Mark Nisenholt
Glass panels 5.54’h (169 cm) x 8.20’w (250 cm)
Architectural glass panels, digital images
August 2011
Prince Arthur's Landing
As part of the Public Art Program at Prince Arthur’s Landing, local artists were invited through a Call to Artists to submit proposals for original artwork, to be incorporated into the glass panels of the three Lanterns structures at the Pier 2 Picnic Docks. The guiding theme for the competition was to “Animate the Journey to the End of the Pier”.
The cedar lantern structures feature three works of digital art by Thunder Bay artist Mark Nisenholt. The art has been printed and secured between sheets of glass, and will glow during the day from southern sunlight and be illuminated at night by a small interior lamp.
The images, titled Ulysses, Swimmers and Paleogirls, depict 'giant' figures interacting with the water. Nisenholt describes the images:
[They] playfully explore the theme of Man’s relationship to the Water and to Nature in general. The images are meant to elicit feelings and thoughts that are compatible with the vast spaces and contemplative state of mind that the lakeshore embodies.
Paleogirls references Paleolithic Venus figurines such as the Venus of Willendorf and similar stone carvings found in the company of our earliest stone-age ancestors. Three figures gather by the water's edge, exploring its shallows, possibly for the first time. These figures are made of pebbles, sand and mud, indicating their affinity with the Earth.

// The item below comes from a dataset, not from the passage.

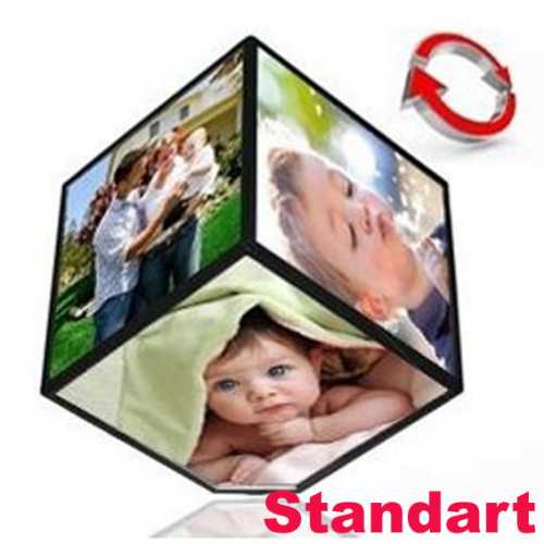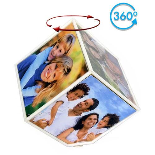 Küp şeklindeki bu ürün içerisine 6 adet fotoğraf konularak ve 1 adet alkalin kalem pil ile çalışır. Küp çerçevenin motor ve dönme mekanizması gizlenmiş olduğu için sihirli dönen küp çerçeve olarak'ta adlandırılır. Çok özel bir tasarımı olan bu ürün ile birçok resim aynı anda sergilenebilir. Standart çerçevelerden sıkılanlar için idealdir. Motor yavaş yavaş ve sessiz olduğu için her ortamda çok güzel bir görünüme sahiptir.

Swimmers takes a more futuristic point of view in which human beings are less material and more malleable. Two technologically advanced humans venture further into the water. They are composed of struts and wires and tubes and are semitransparent. They are meant to signify beings that are becoming less material and more digital. Nevertheless, they still feel a need to make contact with the water.
The figure in Ulysses could be seen as a giant God-like figure overlooking a sailboat, or a normal human playing with a toy boat. This image is meant to raise questions about our relationship to our simpler pleasures, our relationship to the water, and our dependency upon the mercy of the Gods.